Throughout this problem we assume $f:\mathbb{R}\to \mathbb{R}$ is a smooth function, with $|f'|\leq C$ for some fixed constant $C>0$.
The constant $\lambda >0$ is defined to be a large enough number so that the map $f + \lambda I$ is nondecreasing.
I am proving the following theorem from Evans, PDE, p.544 (Section 9.3).

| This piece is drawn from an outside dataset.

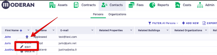 You can add contact Persons in Moderan and link them to Contracts, Organizations, Properties. This keeps all information about key people and responsibilities easily accessible, and in one location.

Theorem. Assume the existence of a weak supersolution $\overline{u}$ and a weak subsolution $\underline{u}$ to the Poisson equation
$$ \begin{cases} – \Delta u = f(u) &\text{in $U$},\\
u = 0 &\text{ on $\partial U$}\end{cases} $$
satisfying
\begin{align*}
&\underline{u}\leq 0, \, \overline{u}\geq 0 \text{ on $\partial U$ in the trace sense},\\
&\text{$\underline{u}\leq \overline{u}$ a.e. in $U$.}
\end{align*}
Then there exists a weak solution $u$ to the above Poisson equation, satisfying
\begin{align*}
\underline{u} \leq u \leq \overline{u} \quad \text{a.e. in $U$.}
\end{align*}
Here, we define a weak supersolution $\overline{u}\in H^1_0(U)$ to the Poisson equation as a function satisfying
$$\int_U \nabla \overline{u}\cdot \nabla \phi \, dx \ge \int_U f(\overline{u}) \phi \, dx$$
for all $\phi\in H^1_0(U)$ that satisfy $\phi\geq 0$ a.e. A weak subsolution $\underline{u}\in H^1_0(U)$ is defined analogously.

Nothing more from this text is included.